The State of Arizona as well, has a new law that went into effect January 1st, with strong penalties for employers hiring workers without legal status. Today, Arizona Employers hiring these workers could suffer a suspension of their business license for 10-days on the first offense plus fines; revocation of their business license on the second occurrence. Many hardworking Latino workers have begun leaving the Sun Devil State in the past few weeks, seeking employment elsewhere.

There are no such laws that I'm aware of in Las Vegas....Yet...but the word on the street is many employers are cracking-down on documentation for employment. When combining the slow-down in local housing construction where a great many Latino workers where employed and this budding trend against immigration. It is easy to build a hypothesis for higher vacancies going forward for Class - B/C apartments in Las Vegas. In today's apartment investment environment, investors demand purchasing buildings on actual operating income and expenses. Gone are the days of acquisitions based upon Pro Forma (a method of betting on the future) and higher vacancies equate to higher risks. 2008 could experience a widening spread in capitalization rates between Class - B/C apartments and their Class - A counterparts.

As reported by the RERC/CCIM report, surveyed institutional investors responses found the required going in capitalization rate for Las Vegas apartments is 6.0% as of 3Q2007. The terminal (exit) capitalization rate is 6.8%. The required pre-tax yield for Las Vegas apartment properties is 8.5%, a 20 percent increase from 2Q2007. I would suspect in 2008 Class – B/C properties should see an increase in spread of 130 basis points beyond a typical Class – A property. That would equate to approximately 7.3% capitalization rates for 2008 transactions. Guess what?...we’re already there and beyond!

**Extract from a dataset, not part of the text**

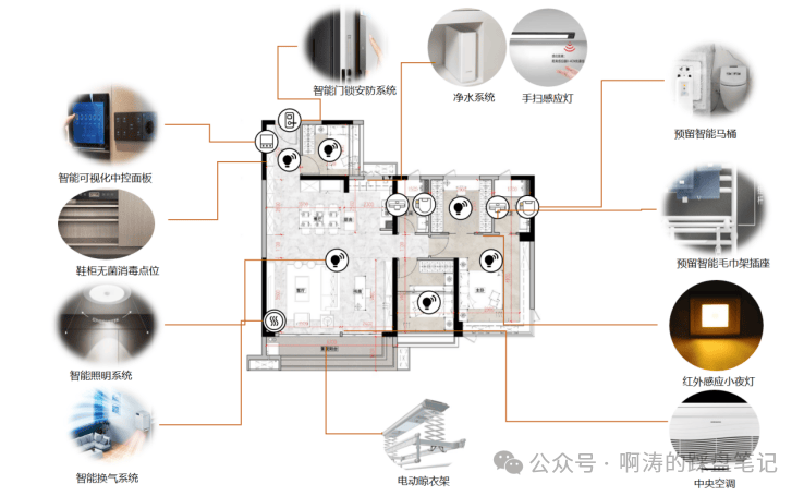 作为广州市第三个与华为合作的项目,项目交标标配华为鸿蒙智能家居系统+全屋新风系统,中控屏一键调控不同场景模式下所需的室内湿度、温度及室内灯光条件,在住宅生活方面采用智能马桶、净水系统、红外感应小夜灯、电动晾衣架等,配备全屋新风系统,为居者提供24h洁净居家环境。

Wednesday, January 2, 2008

Look for Cap Rates to Head Higher

Click on Graphic to enlarge


With strong local fundamentals for apartment investment and healthy prospects for employment growth supporting apartment values. Cap rates were averaging in the mid-5 percent to low-6 percent range for most of 2007. The accompanied chart reflects data collected through 3Q2007 and primarily Class-A assets. Investor demand is strong for A product in A locations, and for B product in B locations of the valley. Only in the past few months of 2007 have I noticed that Class-C rates have begun to compress - in the high-7 percent range...I think they may head even higher.


I predict investors going forward will require higher yields on their investments...(cap rates), and acquisitions based upon pro forma is basically a non-starter. Especially for Class B/C properties under poor management or locations. If the property can't show a cash flow at acquisition it will be difficult for the investor to finance these deal, thus causing cap rates to increase in order to clear the market.


Cap Rates may rise across-the-board but the gap between Class-A and B/C may widen further. For the past few years B and sometimes C properties have been trading at the same cap rates as prime Class-A. For well located, well managed deals, I've been successful in selling those deals that are true value-add with prospects for redevelopment. That should continue for 2008 as well. But, owners in off-locations may need to buckle-up, their ride may get rough.


In summary, Class A in A locations - expect their cap rates to increase 25 to 50 basis points and Class C in challenging markets may reach 130 basis points higher.